3. Private vs. Public Land
It might be harder to secure private land for hunting, in which case you may have to set up your cameras on public land. There are a few risks involved with this; the most obvious being theft. There are accessories like lock boxes that can deter people from stealing the camera, but it’s really just a hurdle. Try and set your camera up further back into the bush, but still with a natural clear lane for pictures. Any branches you remove or dirt you disturb may tip someone else that there’s a camera in the area. Also, once people know that there’s a camera in the area, just watch that area fill up with hunters. It is logical to think that if there’s a camera there, there must be game there. And all you need is one blabber mouth to tell the world and you might have just given away your best hunting spot.
I would encourage to always push for private land permission where ever possible. Not only does this give you peace and quiet from the other hunters, but building relationships with farmers and land owners is an important part of hunting. With things like poaching on the rise, the world still needs to know there are respectful and land caring hunters out there willing to work within the confines of someone else’s rules. I have been very fortunate over the past 8 or so years to build relationships with two of the largest land owners in my area and secure over 3000 acres of private hunting land. But that doesn’t come without maybe giving up a few freedoms if necessary to follow someone else’s rules. But the result has been 8 years of full freezers for me and my family, so it’s been well worth it.
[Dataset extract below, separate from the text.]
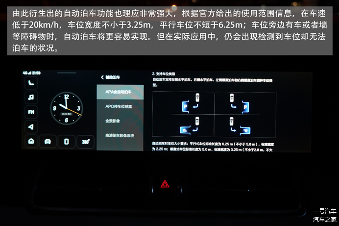 车辆具备电子说明书功能,但大多功能还是以文字图片来显示,不够直观。常用界面或操作,比如多功能方向盘,仪表盘,自动泊车等,配有特定的教学视频,但是拍摄的场景和形式不够统一,有优化的空间。
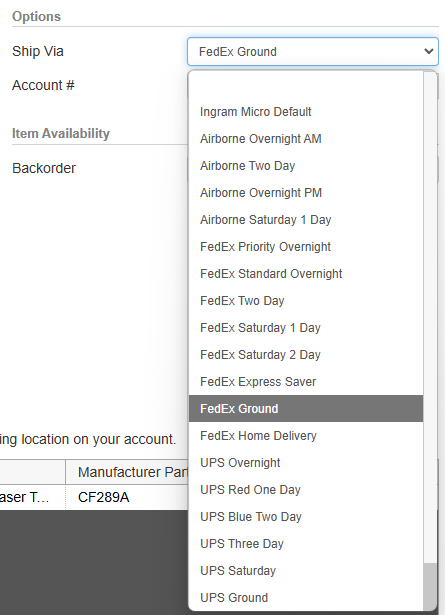 If you would like Ingram Micro to provide your shipping carrier account # to your carrier for shipping rather than charging the shipping to your Ingram Micro account, you can specify your shipping carrier account # here.

If you have cameras all over the country side, how are you able to be consistent in checking them? Do you have a quad trail access or do you have to walk in? Do you have wireless capability on your camera? As much fun as it is checking trail cameras, I’m one for efficiency as well. Both of my trail cameras are strategically placed within an easy walking or quadding distance. And it just worked out that way when I was doing my scouting for placement. However, if you are placing multiple cameras over a large area then maybe consider a wireless transmitting camera. Most areas have cellular service these days and the invention of wireless transmission in trail cameras have a few great benefits. First, being wireless means you don’t need to disturb the area at all. I’m a big fan of not disturbing an area as little as possible until I’m ready to hunt it. Second, if it’s deep in the bush, having the images sent to your email and/or phone save you time and fuel. Yes they are most costly, and you do have to purchase a data plan, but if you’re all in and it saves you the time and miles and disturbing the area; then this is what you might be looking for.
5. Sun Glare
The last small tidbit of information was told to me by a hunting friend about avoiding sun glare in your photos. Especially in the northern hemisphere, over the summer months, the sun will tend rise in the East/NE and set in the West/NW. So if you point your camera facing north, the sun will rise and fall travelling behind the camera avoiding 99% possibility of glare. My one camera, I have no choice but to have it facing NW and in the late evening, I get glare unless it’s cloudy. So take it from experience, face the camera to the north as much as possible for the best quality and anti-glare photos.